*EXERCISE REQUIREMENTS*
Will you extract the entries word for word? Images should not appear in the copy.

Items from a dataset:
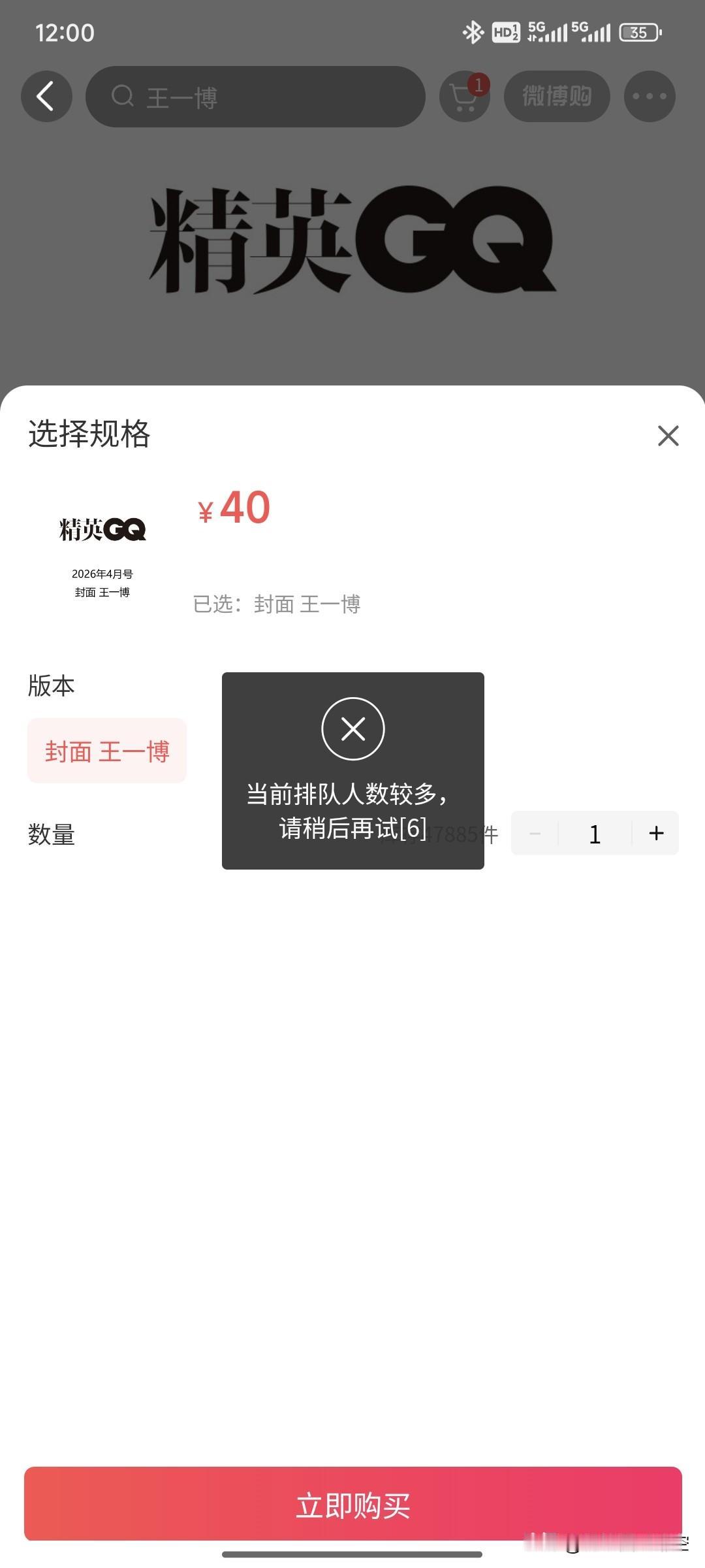 抢个杂志真不容易! 卡点进去提示已下架, 赶紧退出再点,就不断提示“当前排队人数
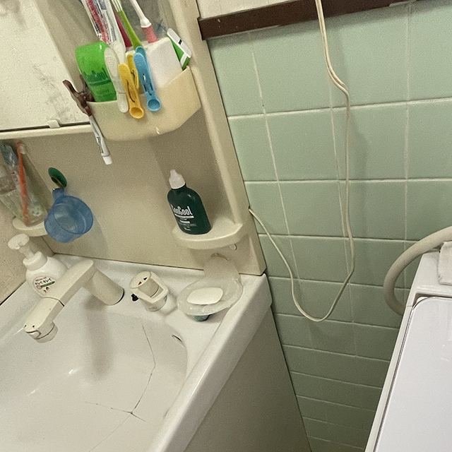 長いこと使っていた洗面化粧台にヒビが…交換リフォーム│岐阜県
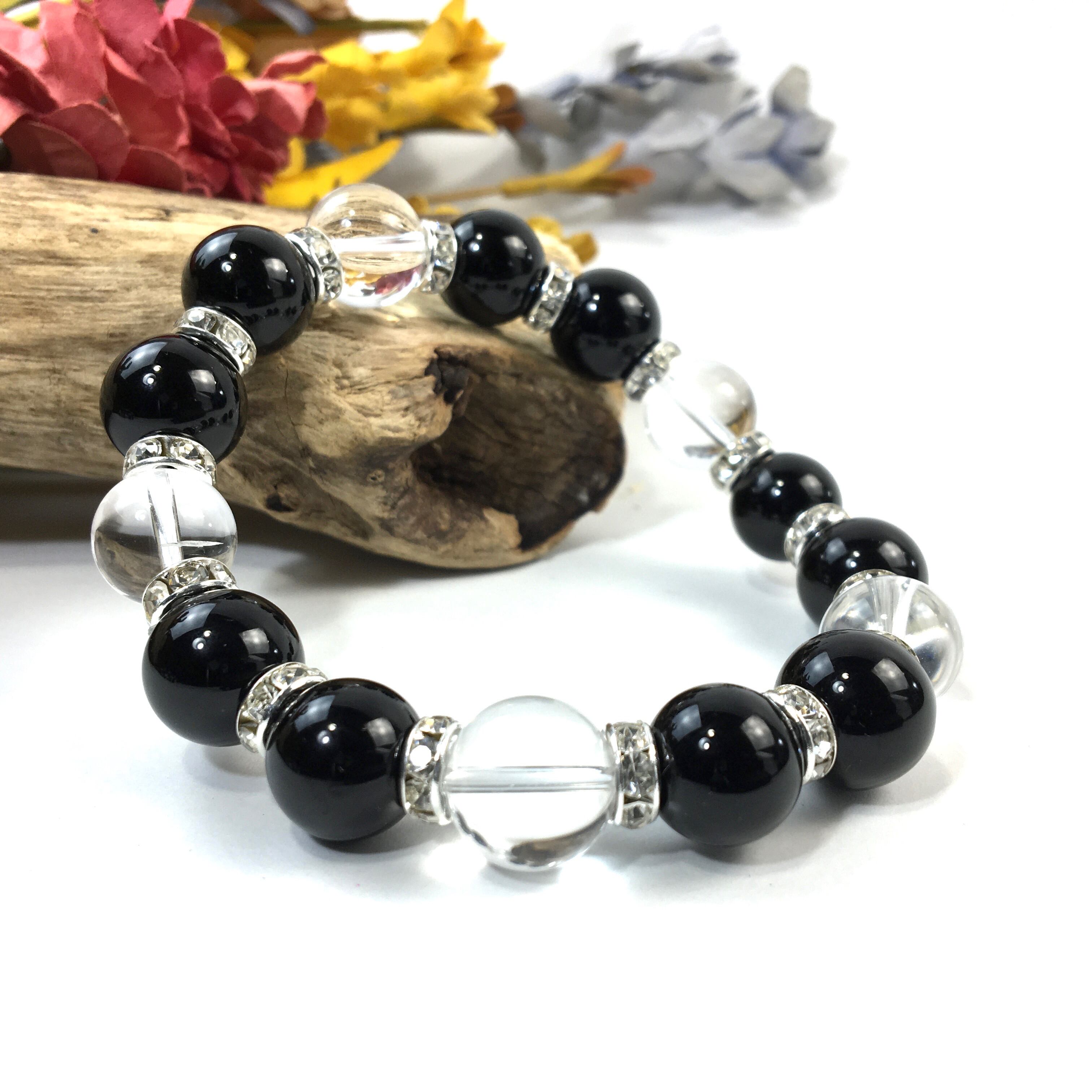 こちらは、オニキスと水晶を組み合わせたパワーストーンブレスレットです。間にはロンデルを挟み高級感あるデザインに仕上げております。石大きさは12mm玉を使用して内周約18cmです。気になる方は是非この機会にどうぞ。
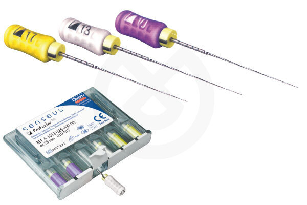 Profinder Senseus. Surtido 25 mm. Limas de cateterismo con múltiples conicidades. Estas limas de conicidad mínima y variable proporcionan capacidad de permeabilización del conducto radicular hasta hora incomparables: Más fácil establecer una continuidad y suavidad del conducto. Acometida más rápida y eficaz de conductos calcificado. Entrada más fácil del conducto. Mejor sensación táctil. Sección cuadrada con conicidad aumentada en la zona de la punta: resistencia aumentada a la torsión. Conicidad mínima detrás de la zona de la punta: instrumento de alta flexibilidad. Mango de silicona amplio y ergonómico. Anillos de calibrado visibles en radiografías. Punta no cortante de 65º con final redondeado.
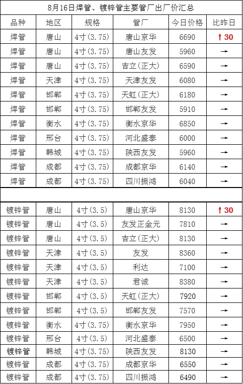 • 8月16日焊管、镀锌管主要管厂出厂挂牌价汇总
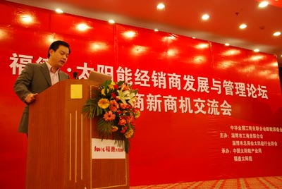2008年2月25日,中国太阳能产业经销商发展与管理论坛在淄博隆重召开。中华全国工商业联合会新能源商会副秘书长史利民,淄博市政协副主席、淄博市工商业联合会会长董学武等领导以及承办方福德集团董事长房富民出席了本次论坛。
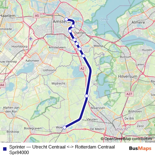 The first stop of the Sprinter rail route is Woerden and the last stop is Amsterdam Centraal. Sprinter (Utrecht Centraal <-> Rotterdam Centraal Spr84000) is operational during in het weekend.

*RESPONSE BOX*
 抢个杂志真不容易! 卡点进去提示已下架, 赶紧退出再点,就不断提示“当前排队人数
 長いこと使っていた洗面化粧台にヒビが…交換リフォーム│岐阜県
 こちらは、オニキスと水晶を組み合わせたパワーストーンブレスレットです。間にはロンデルを挟み高級感あるデザインに仕上げております。石大きさは12mm玉を使用して内周約18cmです。気になる方は是非この機会にどうぞ。
 Profinder Senseus. Surtido 25 mm. Limas de cateterismo con múltiples conicidades. Estas limas de conicidad mínima y variable proporcionan capacidad de permeabilización del conducto radicular hasta hora incomparables: Más fácil establecer una continuidad y suavidad del conducto. Acometida más rápida y eficaz de conductos calcificado. Entrada más fácil del conducto. Mejor sensación táctil. Sección cuadrada con conicidad aumentada en la zona de la punta: resistencia aumentada a la torsión. Conicidad mínima detrás de la zona de la punta: instrumento de alta flexibilidad. Mango de silicona amplio y ergonómico. Anillos de calibrado visibles en radiografías. Punta no cortante de 65º con final redondeado.
 • 8月16日焊管、镀锌管主要管厂出厂挂牌价汇总
2008年2月25日,中国太阳能产业经销商发展与管理论坛在淄博隆重召开。中华全国工商业联合会新能源商会副秘书长史利民,淄博市政协副主席、淄博市工商业联合会会长董学武等领导以及承办方福德集团董事长房富民出席了本次论坛。
 The first stop of the Sprinter rail route is Woerden and the last stop is Amsterdam Centraal. Sprinter (Utrecht Centraal <-> Rotterdam Centraal Spr84000) is operational during in het weekend.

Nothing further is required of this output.